2.7. Bij het opleggen van de aanslagen over 2007 en 2008 is de inspecteur afgeweken van de ingediende aangiften en heeft de daarin gevraagde vrijstelling voor de premie volksverzekeringen niet verleend. Dit heeft geleid tot een bedrag aan verschuldigde premie volksverzekeringen (voor toepassing heffingskorting) van € 9.694 (2007) respectievelijk € 9.839 (2008). Die bedragen aan premieheffing zijn berekend over het maximum premie-inkomen van de betreffende jaren. Het premie-inkomen van belanghebbende is voor die jaren vastgesteld op € 62.568 (2007) respectievelijk € 61.215 (2008).
2.8. Bij zijn uitspraak op bezwaar van 3 mei 2017 heeft de inspecteur de aanslagen gehandhaafd.
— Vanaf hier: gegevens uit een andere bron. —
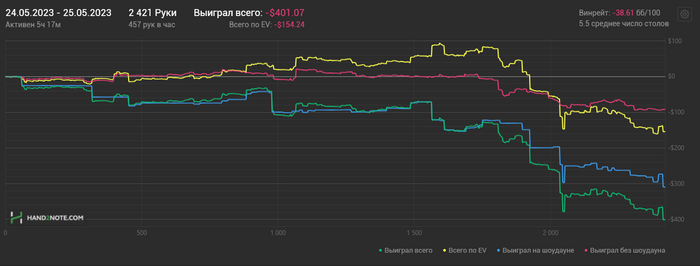 25.05.2023: 5.17ч, 2421 рук nl25/50 -$391.

De rechtbank heeft de aanslag IB/PVV 2007 gehandhaafd en het premiedeel van de aanslag IB/PVV 2008 verminderd naar een premiedeel berekend naar een maximum premie-inkomen van € 26.323 en de beschikking heffingsrente evenredig verminderd. Daarbij heeft de rechtbank, uitgaande van een vlagwijziging per begin november 2008, het premie-inkomen tijdsevenredig herleid tot 10/12 x maximum premie-inkomen van € 31.589.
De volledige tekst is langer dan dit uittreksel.